Cependant, il n’existe pas de principe général qui garantisse en tout circonstance le

succès du groupement par des primitives, car les conditions de décomposition des scènes

peuvent être extrêmement variables, et les primitives peuvent conduire à des décisions parfois

contradictoires. Dans ce contexte, Bregman propose que le groupement fasse intervenir des

mécanismes de type votes, avec des effets de compétition ou au contraire de renforcement.

Cette approche peut expliquer l’instabilité du résultat dans des situations ambigües. Dans des

cas non ambigus, le système perceptif pourra attribuer une composante donnée à un flux

plutôt qu’un autre. En cas de concurrence forte entre deux organisations, elles peuvent être

« viables » l’une et l’autre.
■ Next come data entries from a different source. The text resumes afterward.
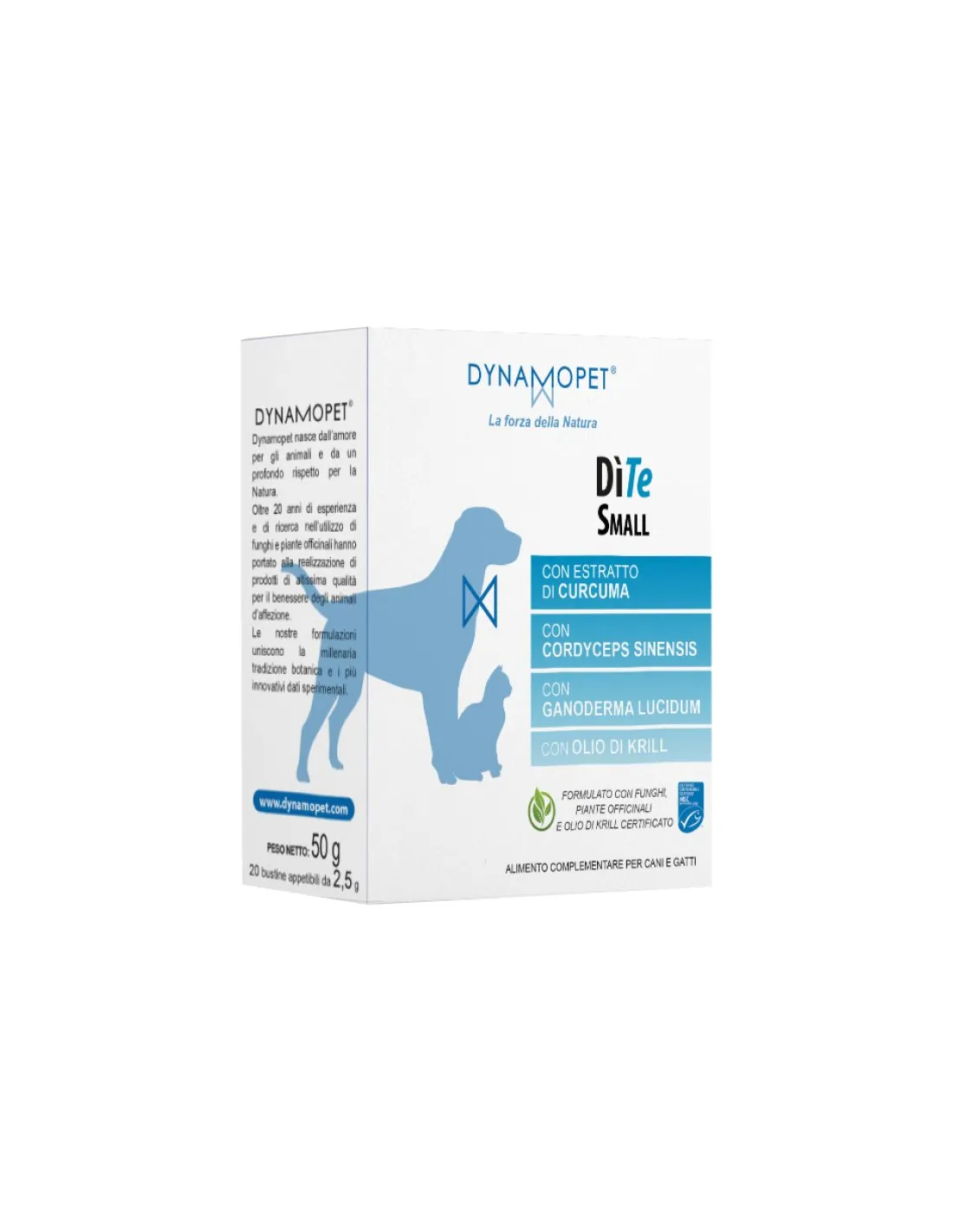 The DìDERMO SMALL product is composed of water, maltodextrin, vegetable glycerol, blackcurrant, silver lime and walnut bud extracts, 100% pure krill oil, dried Polyporus umbellatus mushroom, marine zooplankton meal (Krill), and a selection of nutritional, sensorial and technological additives. These ingredients were chosen for their effectiveness in supporting the health of animals' skin and fur.
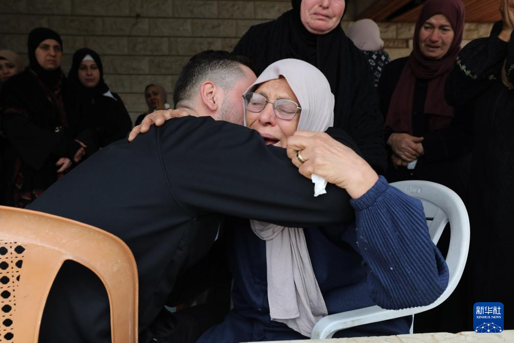1月22日,在約旦河西岸城市杰寧,人們哀悼一名在以軍軍事行動中喪生的巴勒斯坦人。新華社發(尼達爾·艾仕塔耶攝)
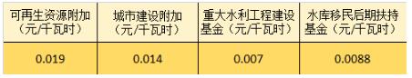 政府性基金及附加由可再生資源附加、城市建設(shè)附加、重大水利工程建設(shè)基金和水庫移民后期扶持基金等組成。
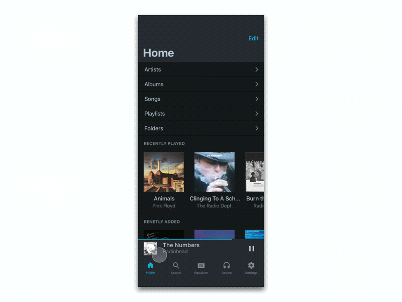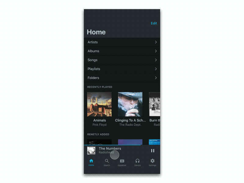The team had limited resources and time to develop the mobile app. We used to have the idea of surfacing the music library and hiding everything in the hamburger menu. The such design required customized styling (The scrollable tab bar) on iOS and it's not a generally adapted pattern on iOS. Moreover, having two separate information architectures for different platforms would make the app hard to scale due to the limited resources we have. In the end, the team decided to utilize OS provided UI pattern to surface UI library, EQ and headphone control at the same level, which is scalable, easier to develop, and meet our business purpose of serving the app as a "listening platform"
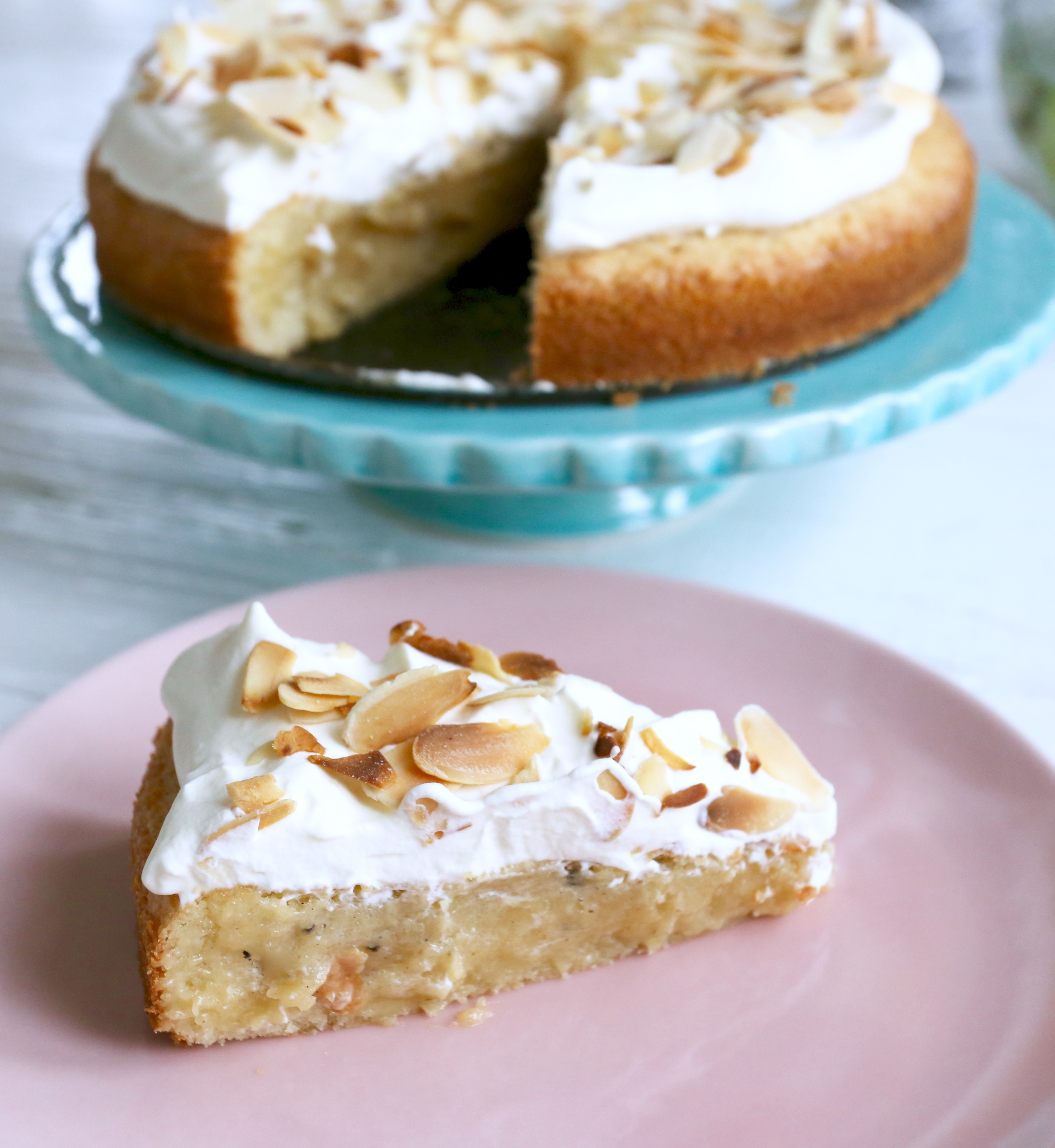 Rosta mandeln i en torr stekpanna så att den får nötig färg. Låt svalna under tiden du vispa grädden och bred över kakan, pudra över florsocker & på med den kalla mandeln
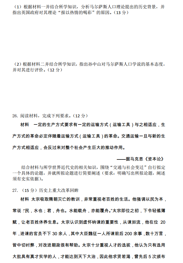 湖北部分重点中学2016-2017年度上学期高三起点考历史试题及答案(6)
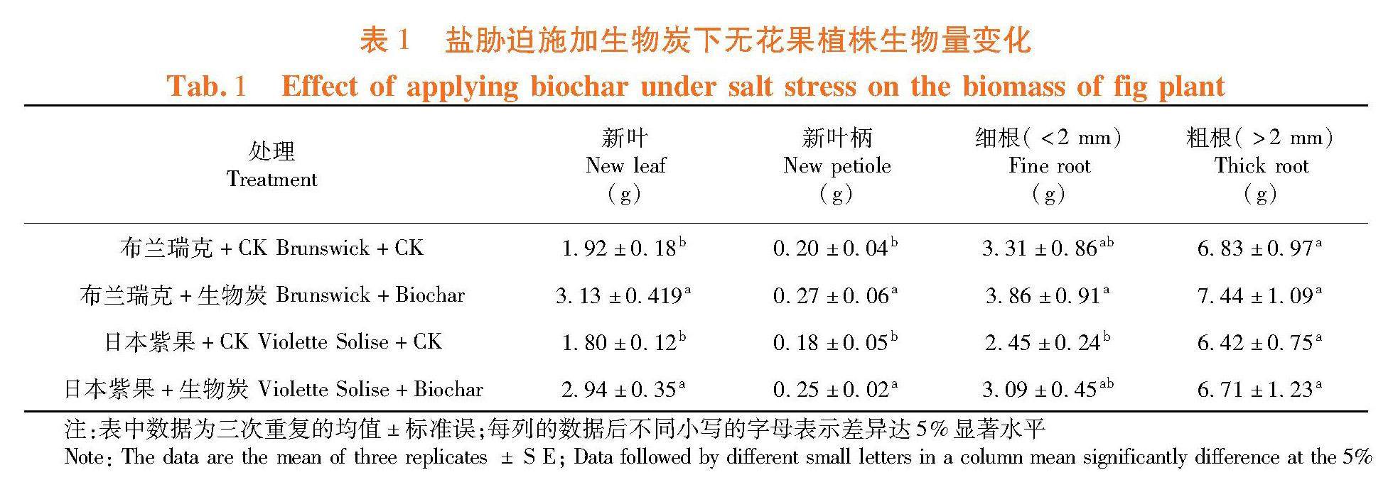 施加生物炭对盐胁迫下无花果生物量叶绿素荧光参数及离子分配的影响
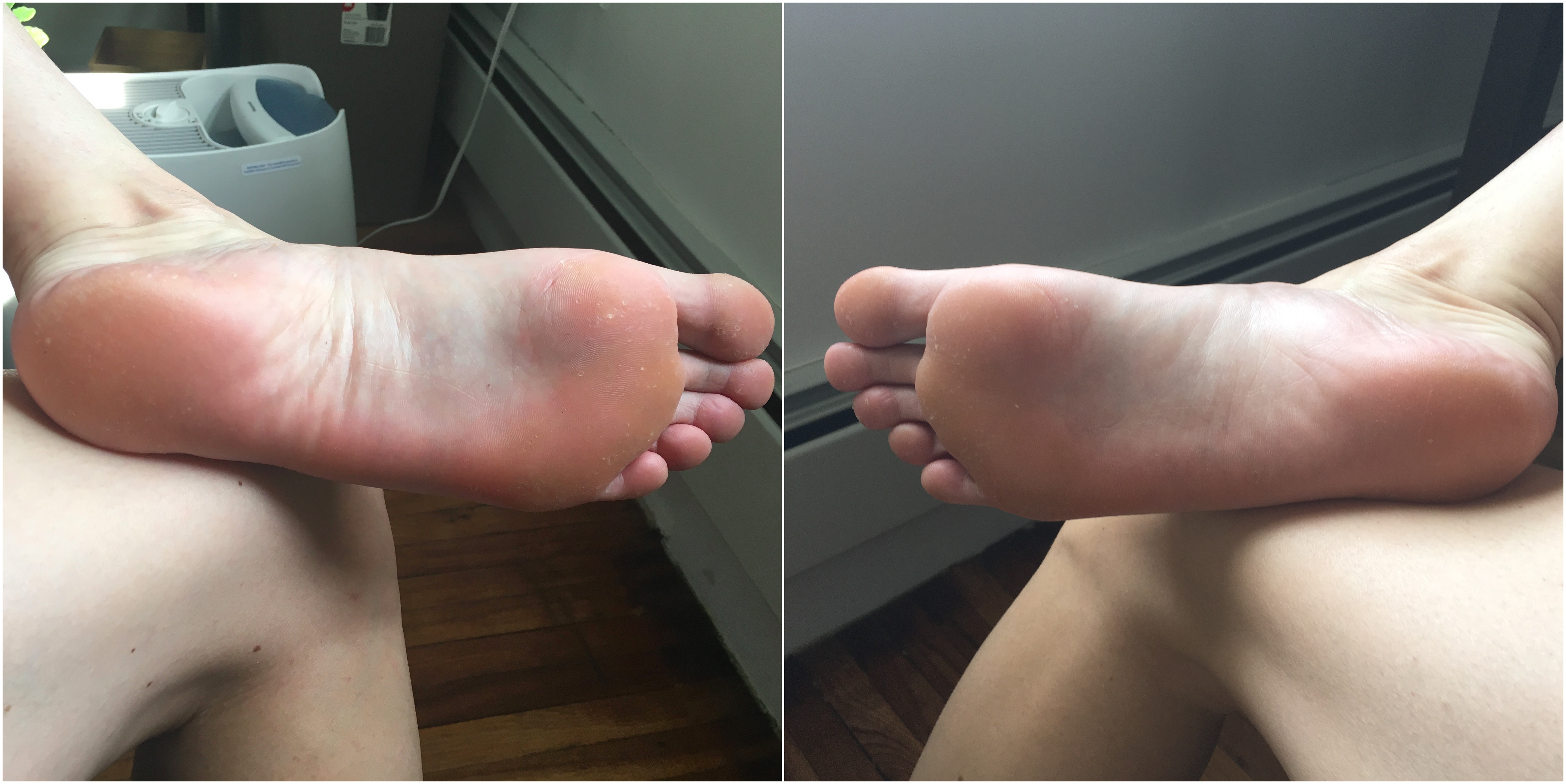 I completely forgot to take true “before” pictures of the soles of my feet, but I took pics of them after having soaked my feet in the liquid. The peeling process doesn’t start immediately, so these photos are pretty much how my feet looked before soaking anyway:

Ainsi, dans l’expérience de Bregman et Pinker (Bregman & Pinker,

1978) groupement temporel et spectral sont mis en concurrence (Figure 29) : les tons A et B

peuvent être regroupés en un flux A-B par un mécanisme de proximité fréquentielle (primitive

1), dans ce cas le sujet va percevoir les deux flux AB et C. Au contraire les tons B et C peuvent

être regroupés en un objet BC par un mécanisme de cohérence temporelle (primitive 2), donc

la séquence sera perçue comme deux flux A et BC. La concurrence entre les décisions prises par

chaque primitive implique un système de « gestion des conflits » qui pour Bregman peut être

de type « vote » (et que l’on dénommerait actuellement « fusion de décision ».